Thursday 14 April 2016

What Goes Unsaid

Here’s a good, simple TV spot for Innocence in Danger, from ROSAPARK, a Parisian ad firm. It’s about incest and child abuse, so this article may be slightly joke-light compared to normal.


What makes this one powerful is as much by what it doesn’t say as what it does. It’s all there visually, the father, the bedtime story, the sleeping child – and the creeping implication. It opens with familial bliss. And then it twists the familial bliss of the opening like a knife.

Words don’t get in the way of the message, which is important. Often charity appeals and PSAs can get overloaded with facts and figures and words. Sometimes that’s OK. But in this context, and with a message this important and unsettling, the simplicity of the message makes it far more potent.
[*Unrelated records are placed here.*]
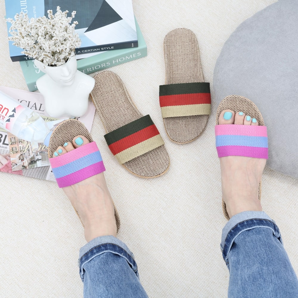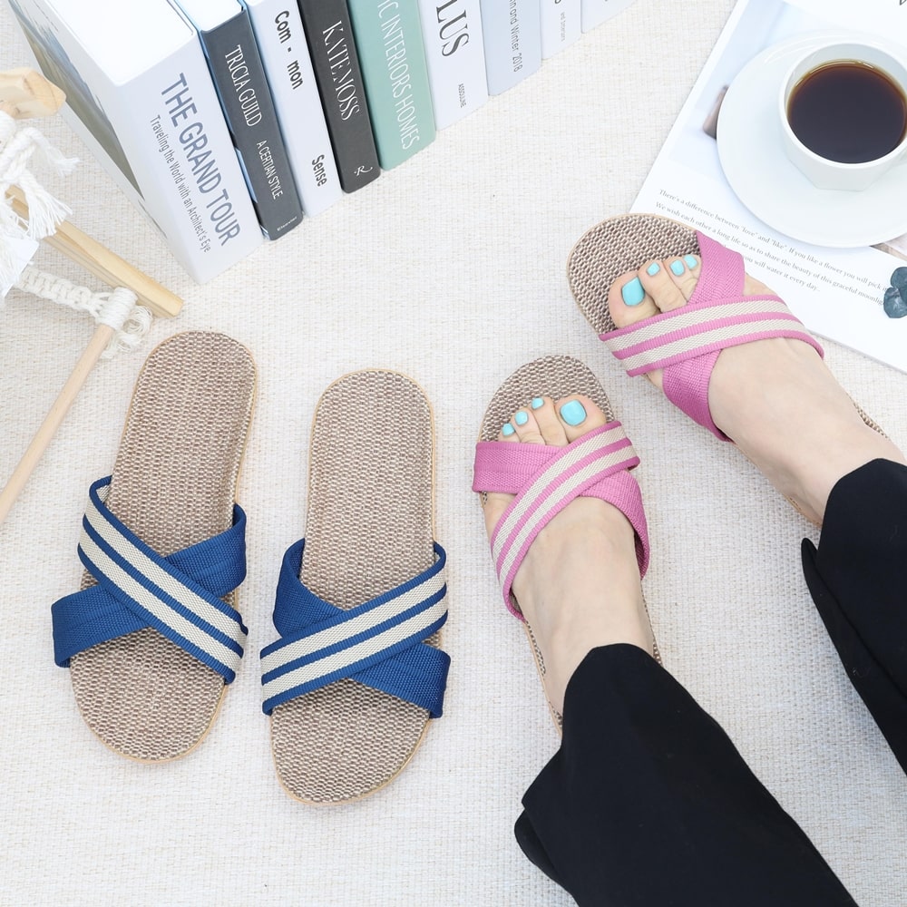 발편한 쿠션 층간소음방지 여름 왕골 린넨 거실화 실내화 사무실 슬리퍼 여행용 샌들 커플 마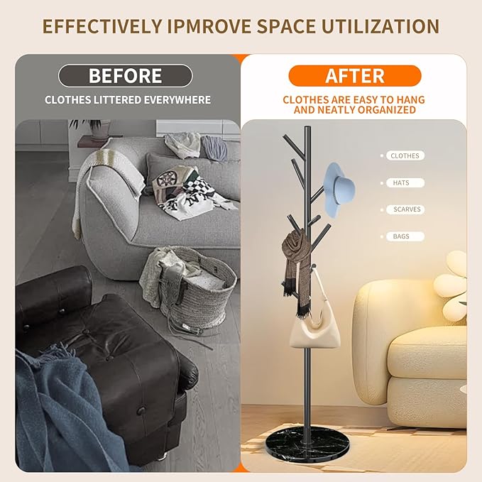 - 100% NATURAL MARBLE BASE:This coat rack freestanding is made of 100% natural marble. Carefully selected natural marble, each piece has a unique vein carved by nature (not a quality issue). The base is 11.81 inch in diameter and 1.18inch in thickness, very solid and able to support up to 180LBS, hang heavy winter coats and briefcases very firmly without wobbling
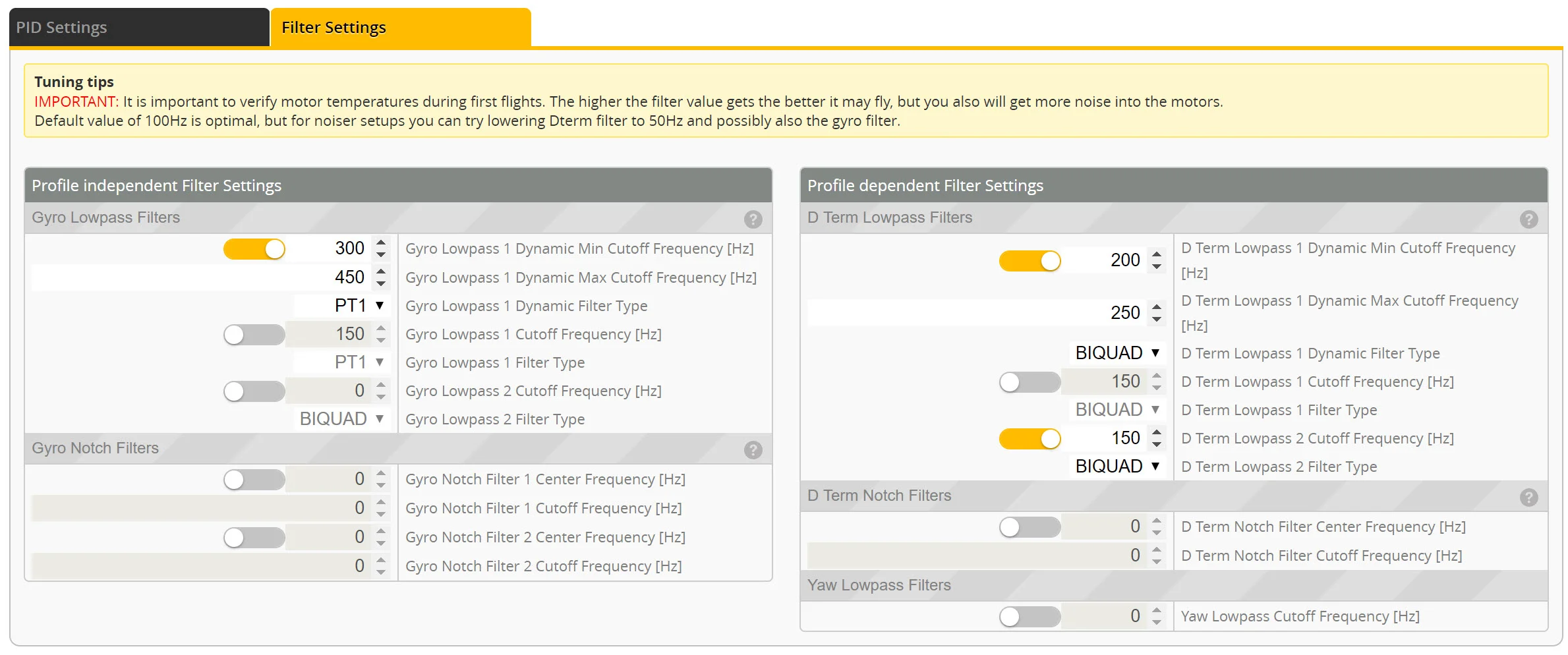 FILTERS: These filters are basically the “I had a quad running great in 3.5.7 and 4.0 isn’t helping” settings. Expect some changes here as I continue to test as 4.0.x improves.

A wordless implication, done right, can catch your attention better than any clever combination of words.

It’s especially relevant here because child abuse amongst family members is far too common, and far too often ignored or dismissed. The estimated number of victims of incest, just within France, is 4 million. Which is just fucking horrifying, frankly. So if nothing else, that scale of the problem makes bringing it to everyone’s attention all the more important.

I feel uncomfortable. Watching it, talking about it, sharing it.

But that’s exactly why something like this should be shared. And it’s what makes it an effective piece of work.


So watch, talk about it, and share it.